> Material supplied:
——

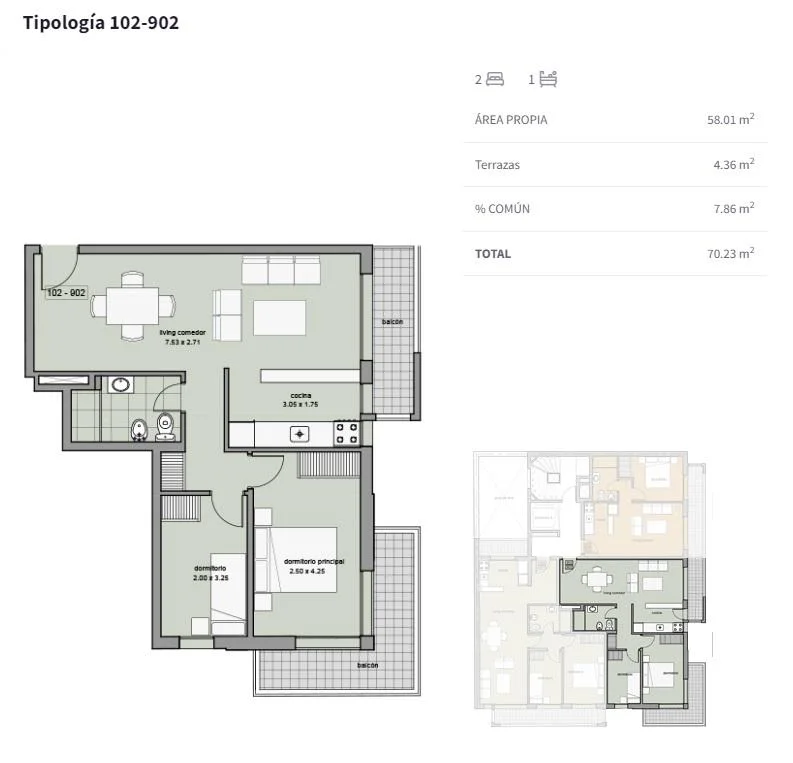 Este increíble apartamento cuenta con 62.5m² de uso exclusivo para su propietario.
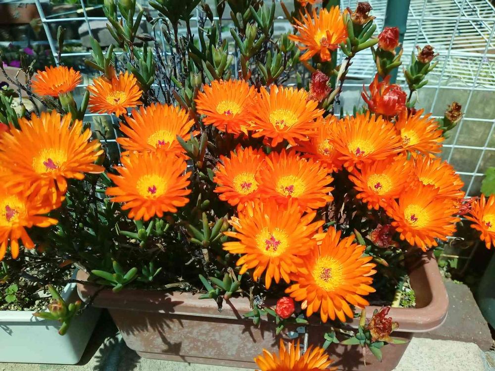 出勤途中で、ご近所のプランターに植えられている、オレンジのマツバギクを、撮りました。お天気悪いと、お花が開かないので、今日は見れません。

——

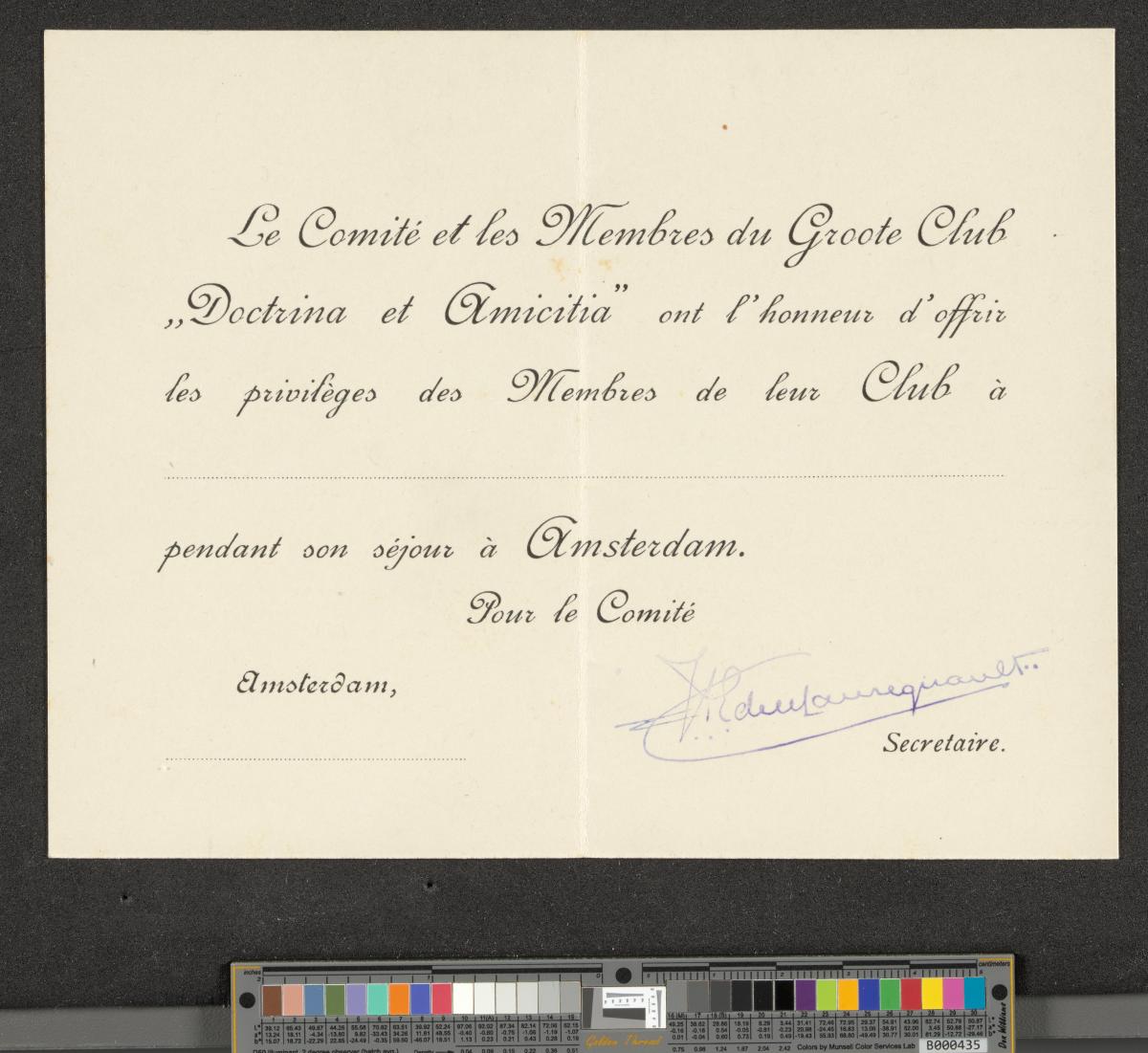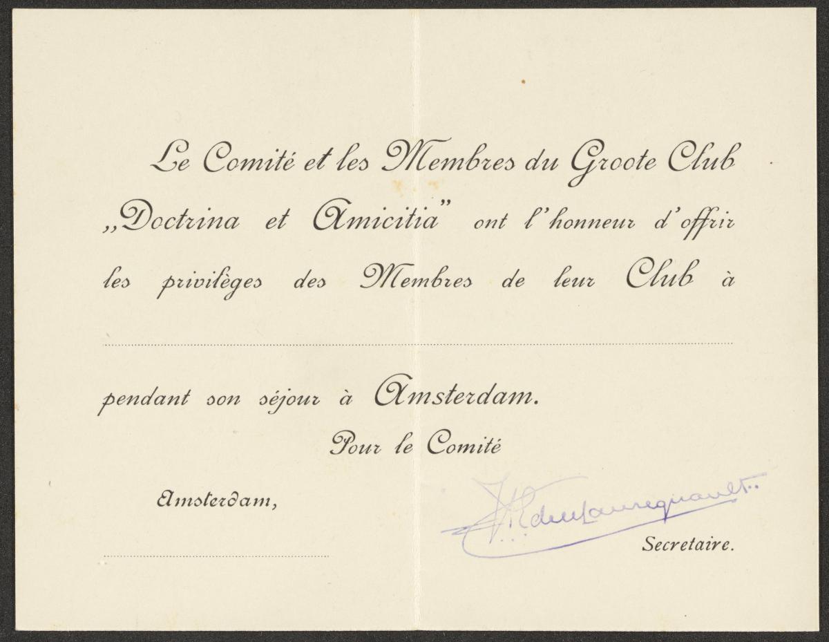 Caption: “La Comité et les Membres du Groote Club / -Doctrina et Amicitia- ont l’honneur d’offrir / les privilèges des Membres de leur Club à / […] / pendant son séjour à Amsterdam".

——

> Action item: Would you copy the lines above exactly, starting with the one that has "Este increíble apartamento" and ending with the one that has "出勤途中で、ご近所のプランタ", both included, without the pictures?

> Response to this exercise:
 Este increíble apartamento cuenta con 62.5m² de uso exclusivo para su propietario.
 出勤途中で、ご近所のプランターに植えられている、オレンジのマツバギクを、撮りました。お天気悪いと、お花が開かないので、今日は見れません。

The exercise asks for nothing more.